═════ Given data ═════

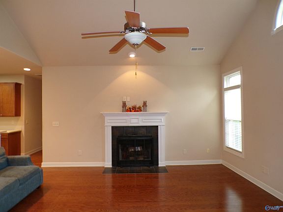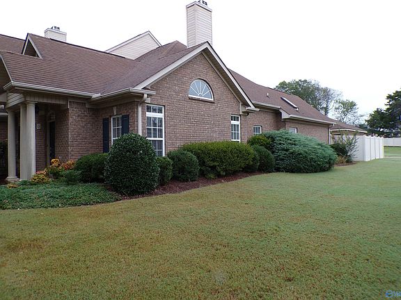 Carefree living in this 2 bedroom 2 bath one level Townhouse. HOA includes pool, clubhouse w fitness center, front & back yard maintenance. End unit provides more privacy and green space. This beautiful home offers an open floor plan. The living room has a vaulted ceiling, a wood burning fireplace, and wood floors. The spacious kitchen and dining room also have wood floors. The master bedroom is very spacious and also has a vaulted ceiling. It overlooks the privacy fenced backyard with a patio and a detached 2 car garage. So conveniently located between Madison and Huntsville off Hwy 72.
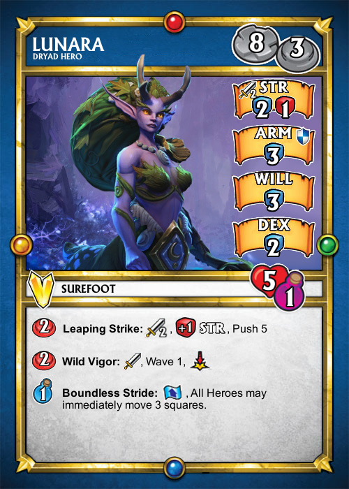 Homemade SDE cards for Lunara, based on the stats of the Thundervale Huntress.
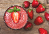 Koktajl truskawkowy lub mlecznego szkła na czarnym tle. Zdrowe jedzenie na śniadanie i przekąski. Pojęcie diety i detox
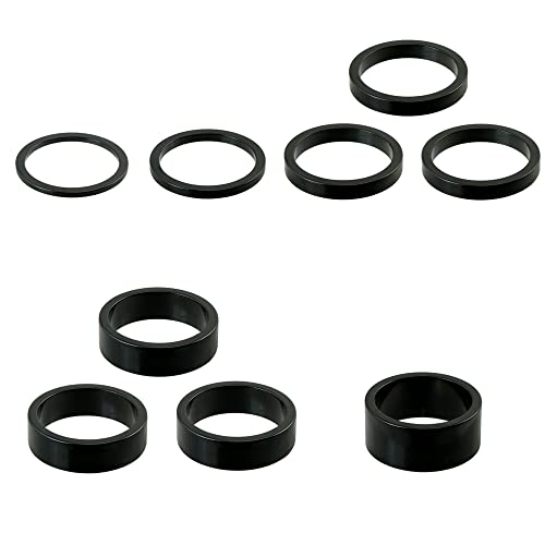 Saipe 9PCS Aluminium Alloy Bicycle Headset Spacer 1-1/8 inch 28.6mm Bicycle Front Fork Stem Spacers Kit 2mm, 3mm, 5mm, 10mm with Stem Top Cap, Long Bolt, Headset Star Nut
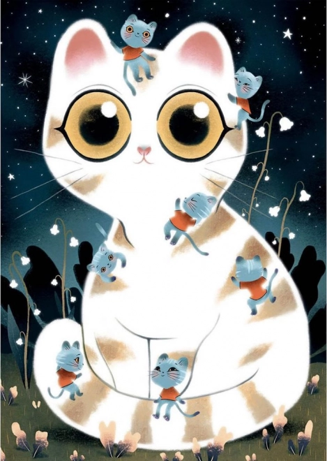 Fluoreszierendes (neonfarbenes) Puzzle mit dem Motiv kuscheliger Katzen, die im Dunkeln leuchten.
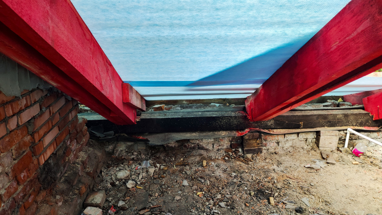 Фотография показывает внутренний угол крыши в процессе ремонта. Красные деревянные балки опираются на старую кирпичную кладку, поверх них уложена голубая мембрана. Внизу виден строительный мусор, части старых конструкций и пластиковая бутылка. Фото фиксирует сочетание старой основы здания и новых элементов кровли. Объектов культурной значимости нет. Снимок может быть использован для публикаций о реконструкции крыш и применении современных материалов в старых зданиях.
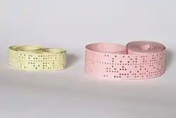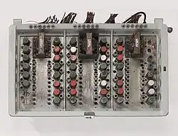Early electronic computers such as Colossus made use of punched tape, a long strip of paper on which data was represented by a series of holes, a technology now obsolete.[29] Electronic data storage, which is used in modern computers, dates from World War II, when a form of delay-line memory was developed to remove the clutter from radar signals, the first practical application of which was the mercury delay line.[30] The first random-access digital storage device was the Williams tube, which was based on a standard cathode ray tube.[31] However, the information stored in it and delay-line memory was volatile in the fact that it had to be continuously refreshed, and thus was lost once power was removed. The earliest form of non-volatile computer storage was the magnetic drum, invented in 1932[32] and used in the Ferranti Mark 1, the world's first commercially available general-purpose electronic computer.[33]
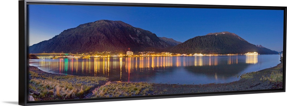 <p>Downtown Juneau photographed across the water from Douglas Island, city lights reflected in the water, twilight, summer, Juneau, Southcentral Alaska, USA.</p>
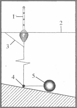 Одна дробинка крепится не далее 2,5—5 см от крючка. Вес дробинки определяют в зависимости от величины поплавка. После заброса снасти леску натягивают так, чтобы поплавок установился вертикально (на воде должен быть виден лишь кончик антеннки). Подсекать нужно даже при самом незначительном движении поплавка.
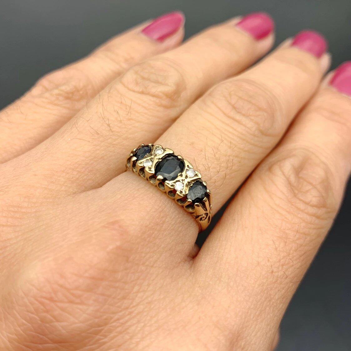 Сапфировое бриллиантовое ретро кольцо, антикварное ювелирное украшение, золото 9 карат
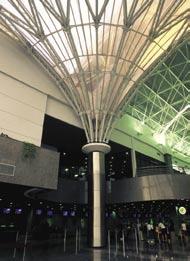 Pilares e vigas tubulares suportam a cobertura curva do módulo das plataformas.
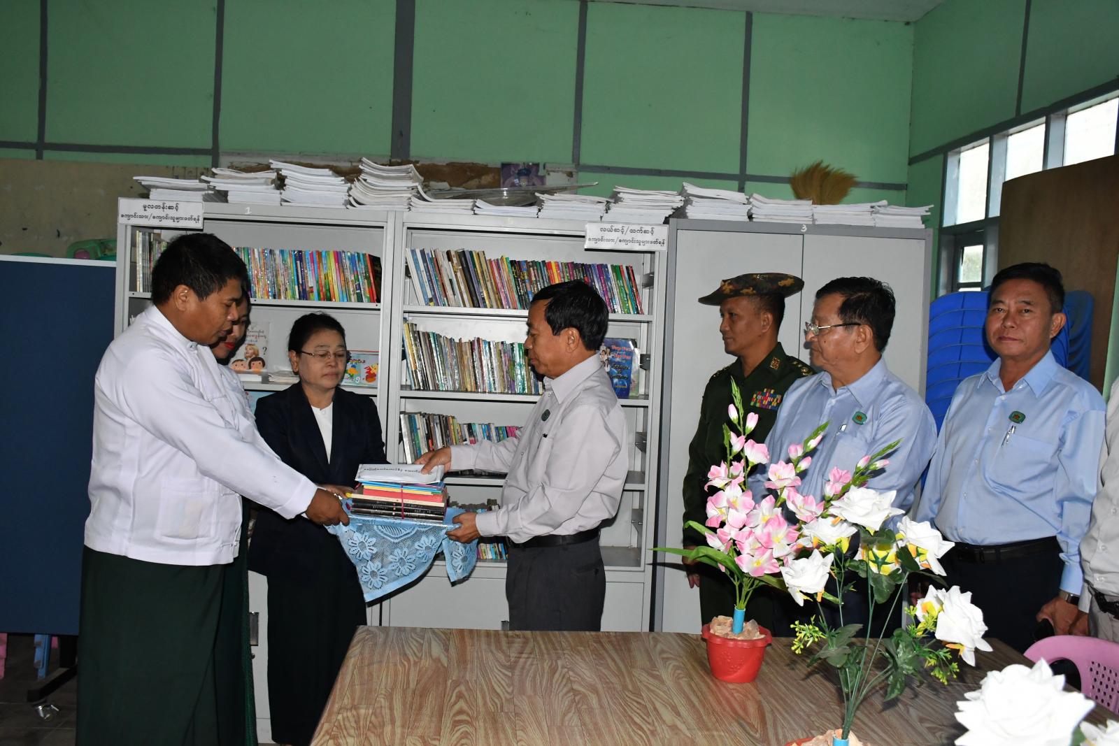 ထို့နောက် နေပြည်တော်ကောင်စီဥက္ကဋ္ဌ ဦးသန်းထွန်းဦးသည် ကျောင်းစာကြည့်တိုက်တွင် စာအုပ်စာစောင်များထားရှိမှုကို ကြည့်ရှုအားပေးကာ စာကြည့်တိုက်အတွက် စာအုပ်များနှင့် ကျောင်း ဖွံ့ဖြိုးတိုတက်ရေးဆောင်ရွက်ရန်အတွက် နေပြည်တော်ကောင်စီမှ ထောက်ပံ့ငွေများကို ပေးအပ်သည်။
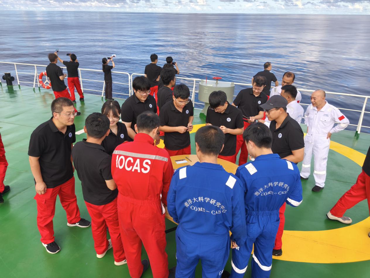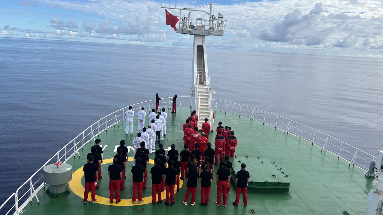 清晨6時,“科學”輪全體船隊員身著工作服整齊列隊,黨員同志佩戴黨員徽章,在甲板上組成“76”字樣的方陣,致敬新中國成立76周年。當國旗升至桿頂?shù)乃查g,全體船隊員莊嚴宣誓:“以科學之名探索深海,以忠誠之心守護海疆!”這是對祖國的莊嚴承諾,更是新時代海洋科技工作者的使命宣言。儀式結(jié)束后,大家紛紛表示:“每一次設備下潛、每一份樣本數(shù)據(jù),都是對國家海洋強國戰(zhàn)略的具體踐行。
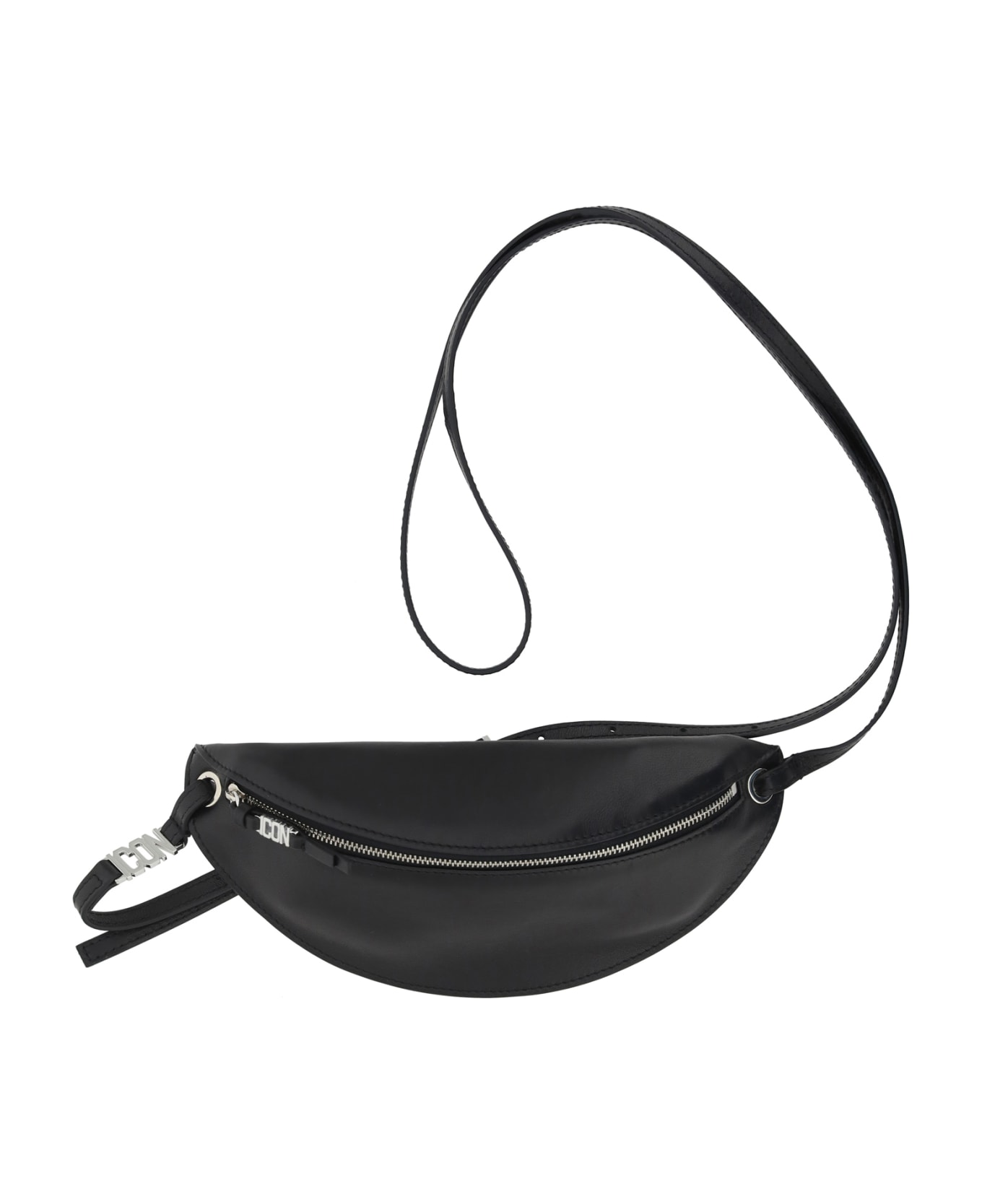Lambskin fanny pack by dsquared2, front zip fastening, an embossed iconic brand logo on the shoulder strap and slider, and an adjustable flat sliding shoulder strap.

═════

Reproduce exactly, and only, the lines that begin at the one containing "Сапфировое бриллиантовое ретро" and end with the final line of the data, both included, while omitting every picture.

Result of this task:
 Сапфировое бриллиантовое ретро кольцо, антикварное ювелирное украшение, золото 9 карат
 Pilares e vigas tubulares suportam a cobertura curva do módulo das plataformas.
 ထို့နောက် နေပြည်တော်ကောင်စီဥက္ကဋ္ဌ ဦးသန်းထွန်းဦးသည် ကျောင်းစာကြည့်တိုက်တွင် စာအုပ်စာစောင်များထားရှိမှုကို ကြည့်ရှုအားပေးကာ စာကြည့်တိုက်အတွက် စာအုပ်များနှင့် ကျောင်း ဖွံ့ဖြိုးတိုတက်ရေးဆောင်ရွက်ရန်အတွက် နေပြည်တော်ကောင်စီမှ ထောက်ပံ့ငွေများကို ပေးအပ်သည်။
 清晨6時,“科學”輪全體船隊員身著工作服整齊列隊,黨員同志佩戴黨員徽章,在甲板上組成“76”字樣的方陣,致敬新中國成立76周年。當國旗升至桿頂?shù)乃查g,全體船隊員莊嚴宣誓:“以科學之名探索深海,以忠誠之心守護海疆!”這是對祖國的莊嚴承諾,更是新時代海洋科技工作者的使命宣言。儀式結(jié)束后,大家紛紛表示:“每一次設備下潛、每一份樣本數(shù)據(jù),都是對國家海洋強國戰(zhàn)略的具體踐行。
Lambskin fanny pack by dsquared2, front zip fastening, an embossed iconic brand logo on the shoulder strap and slider, and an adjustable flat sliding shoulder strap.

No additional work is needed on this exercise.